__Exercise goal__:
The listing below should be written out word for word, with its pictures removed.

__Material provided__:
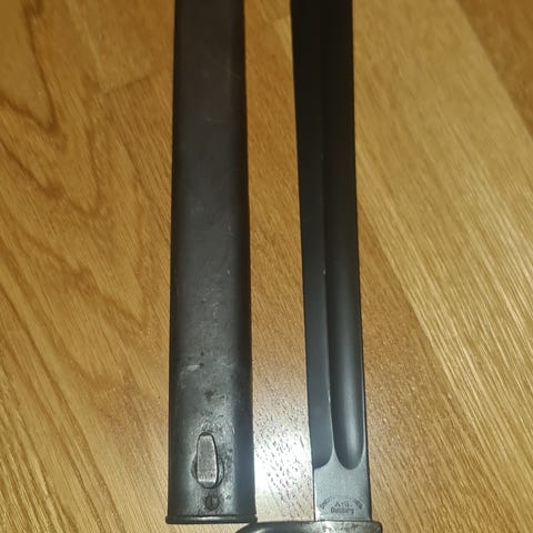 Selger denne bajonetten. Den har et fint håndtak og blad med lite rust. Selges for 1000 kr. Denne har fått et lag med universal balistol for å hindre rust🙂
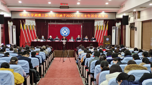 1月28日下午,中南大学湘雅三医院召开领导班子2020年度民主生活会通报会,党委书记何庆南代表医院党委通报医院领导班子2020年度民主生活会情况。全体院领导、中层干部、正副护士长参加了会议。
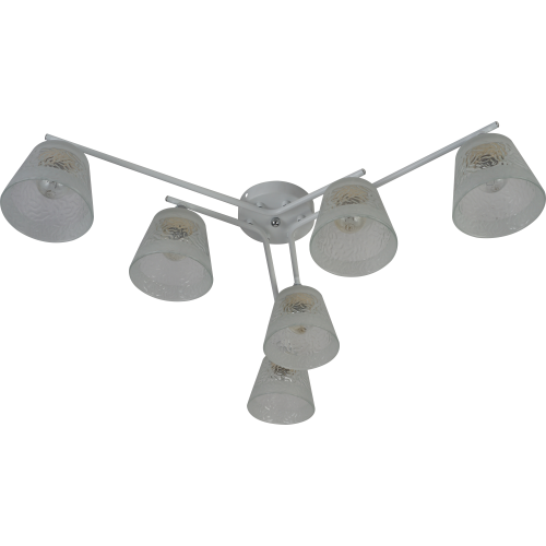 Люстра из металла Constance Rivoli качественно освещает площадь до 18 м2. Такая потолочная люстра хорошо смотрится в небольших жилых комнатах – люстра на кухню, люстра в спальню. Прозрачные стеклянные плафоны люстры имеют красивый рифлёный рисунок и декорированы матовыми полосами.
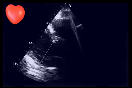 Cardiac ultrasound images and small heart . Screen of echo-cardiography machine. Doppler echo

__Written reply__:
 Selger denne bajonetten. Den har et fint håndtak og blad med lite rust. Selges for 1000 kr. Denne har fått et lag med universal balistol for å hindre rust🙂
 1月28日下午,中南大学湘雅三医院召开领导班子2020年度民主生活会通报会,党委书记何庆南代表医院党委通报医院领导班子2020年度民主生活会情况。全体院领导、中层干部、正副护士长参加了会议。
 Люстра из металла Constance Rivoli качественно освещает площадь до 18 м2. Такая потолочная люстра хорошо смотрится в небольших жилых комнатах – люстра на кухню, люстра в спальню. Прозрачные стеклянные плафоны люстры имеют красивый рифлёный рисунок и декорированы матовыми полосами.
 Cardiac ultrasound images and small heart . Screen of echo-cardiography machine. Doppler echo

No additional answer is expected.